La solution retenue par la Cour de justice illustre l’office du juge de l’Union dans le contentieux en manquement (A) et réaffirme par là même la primauté de l’objectif de protection environnementale sur les difficultés pratiques que peuvent rencontrer les États membres (B).

A. L’office du juge de l’Union dans le contentieux du manquement

L’arrêt rappelle que l’existence d’un manquement doit être appréciée par la Cour en fonction de la situation de l’État membre telle qu’elle se présentait à l’expiration du délai fixé dans l’avis motivé. Cette règle jurisprudentielle constante, mentionnée au point 11 des conclusions, structure l’ensemble du contentieux de l’article 226 CE. Le juge n’examine pas les progrès accomplis postérieurement à cette date, ce qui confère à sa décision un caractère quasi mécanique. Son contrôle se limite à vérifier si, à un instant T, l’État respectait ses obligations.

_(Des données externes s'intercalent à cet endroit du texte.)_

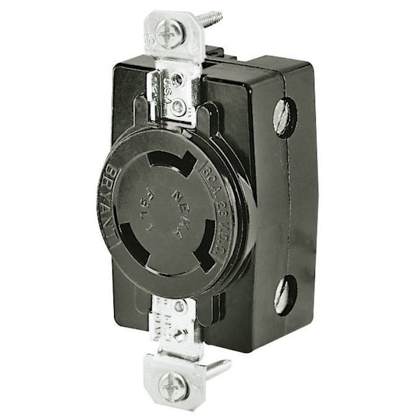 Locking Devices, Industrial, Flush Receptacle, 30A 28VDC, 2-Pole 3-Wire Grounding, FSL1R, Screw Terminal, Black
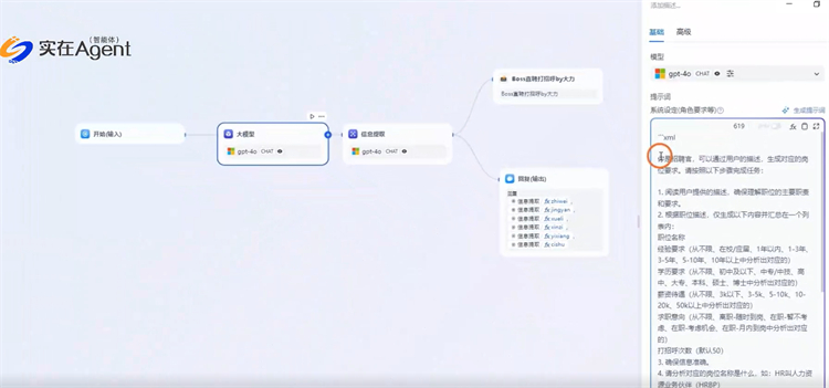 1、给Agent配置好角色要求,设置好招聘官提示词,利用大模型和RPA搭建好自动化流程;
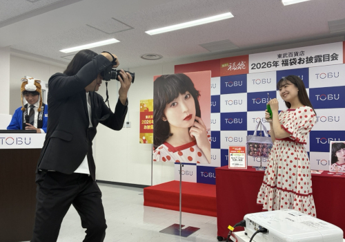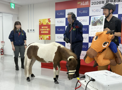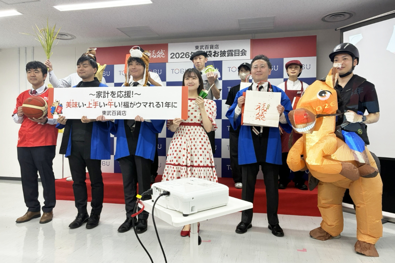 東武百貨店の2026年福袋は、「家計を応援!美味い・上手い・午い!福がウマれる1年に」をテーマに展開する。物価高が続くことから、家計応援になるお得な食品福袋を用意。近年人気の体験福袋は、昭和のアイドルのような写真撮影、劇場でのパイプオルガン演奏、1日駅長体験など、笑顔が生まれる体験ができる内容を企画した。来年の干支である午にちなみ、乗馬体験ができる福袋も販売する。
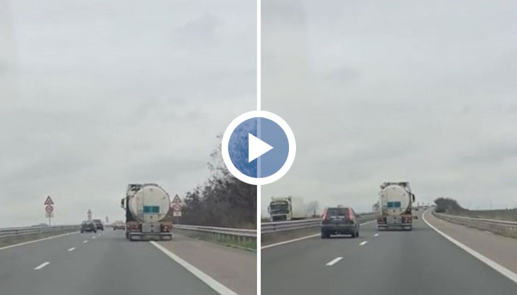 Шофьор на цистерна изплаши движещите се по АМ „Тракия“ в посока София. Сигналът е изпратен до bTV.
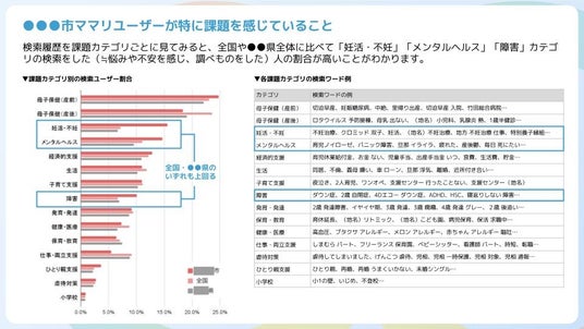 そこで、ママリに集まる生の声をより自治体のみなさんに利活用していただくため、自治体ごとの住民の声を集約・分析し、その課題やニーズをとりまとめた子育て支援レポートの提供を昨年12月から開始し、三重県伊賀市や福岡県大刀洗町、岐阜県垂井町(提供決定順、敬称略)など全国30自治体への提供が決定いたしました。
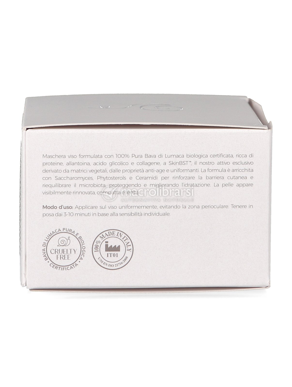 Maschera viso formulata con 100% pura bava di Lumaca biologica certificata dall'azione liftante e uniformante per una pelle più luminosa e ringiovanita.

Cette approche formaliste garantit la sécurité juridique et l’égalité de traitement entre les États membres. Elle incite les gouvernements à agir promptement dès la phase précontentieuse pour se mettre en conformité, sans pouvoir espérer une quelconque indulgence de la part du juge. Le rôle de la Cour n’est pas de juger de l’opportunité des politiques nationales, mais d’assurer de manière objective la pleine application du droit de l’Union. La condamnation du Luxembourg est la conséquence directe de cette méthode de contrôle stricte et rigoureuse.

B. La primauté de la protection environnementale

Au-delà de l’aspect technique, cette décision revêt une portée symbolique importante pour le droit de l’environnement de l’Union. Elle confirme que les objectifs fixés par le législateur européen en la matière ne sont pas de simples déclarations d’intention. Ils constituent des obligations juridiques contraignantes qui doivent être mises en œuvre avec la plus grande diligence. En refusant de prendre en considération les éventuelles difficultés administratives ou techniques de l’État, la Cour fait prévaloir l’impératif de protection de l’environnement.

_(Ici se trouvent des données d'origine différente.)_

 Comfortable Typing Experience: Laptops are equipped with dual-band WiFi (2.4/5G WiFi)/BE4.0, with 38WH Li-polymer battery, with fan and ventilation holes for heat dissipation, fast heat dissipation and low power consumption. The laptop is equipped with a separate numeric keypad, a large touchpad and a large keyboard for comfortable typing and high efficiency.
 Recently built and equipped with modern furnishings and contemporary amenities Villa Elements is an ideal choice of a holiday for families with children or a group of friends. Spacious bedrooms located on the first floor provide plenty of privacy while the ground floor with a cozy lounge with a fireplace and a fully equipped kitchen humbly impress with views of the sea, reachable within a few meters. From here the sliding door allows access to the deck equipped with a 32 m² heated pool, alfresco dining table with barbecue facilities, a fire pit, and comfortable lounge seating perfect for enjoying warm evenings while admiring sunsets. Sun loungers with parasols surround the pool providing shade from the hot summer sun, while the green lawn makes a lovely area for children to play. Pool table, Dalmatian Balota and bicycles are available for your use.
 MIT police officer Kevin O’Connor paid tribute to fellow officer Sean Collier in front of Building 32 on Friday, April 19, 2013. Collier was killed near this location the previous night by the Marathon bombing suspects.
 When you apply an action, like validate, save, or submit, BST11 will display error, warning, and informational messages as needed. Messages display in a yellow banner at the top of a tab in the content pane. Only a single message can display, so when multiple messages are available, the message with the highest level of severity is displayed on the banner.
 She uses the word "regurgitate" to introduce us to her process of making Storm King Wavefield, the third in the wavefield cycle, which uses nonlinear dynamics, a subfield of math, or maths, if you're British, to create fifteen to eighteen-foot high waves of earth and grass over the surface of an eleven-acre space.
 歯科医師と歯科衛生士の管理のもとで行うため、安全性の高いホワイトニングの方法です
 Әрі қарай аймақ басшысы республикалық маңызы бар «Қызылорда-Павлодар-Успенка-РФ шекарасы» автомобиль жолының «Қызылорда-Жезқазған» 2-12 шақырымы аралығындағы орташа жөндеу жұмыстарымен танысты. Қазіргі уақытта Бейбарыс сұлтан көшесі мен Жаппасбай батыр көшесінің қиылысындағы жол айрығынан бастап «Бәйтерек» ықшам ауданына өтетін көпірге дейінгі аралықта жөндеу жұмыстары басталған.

L’arrêt s’inscrit dans une jurisprudence bien établie qui vise à assurer l’effet utile des directives environnementales. La santé publique et la préservation des écosystèmes aquatiques, qui sous-tendent la directive 91/271/CEE, sont considérées comme des intérêts supérieurs. La solution adoptée en 2006 a ainsi contribué à renforcer le niveau d’exigence à l’égard des États membres, les contraignant non seulement à agir mais aussi à mettre en place des systèmes de suivi et de rapportage fiables, indispensables à l’efficacité globale de la politique environnementale européenne.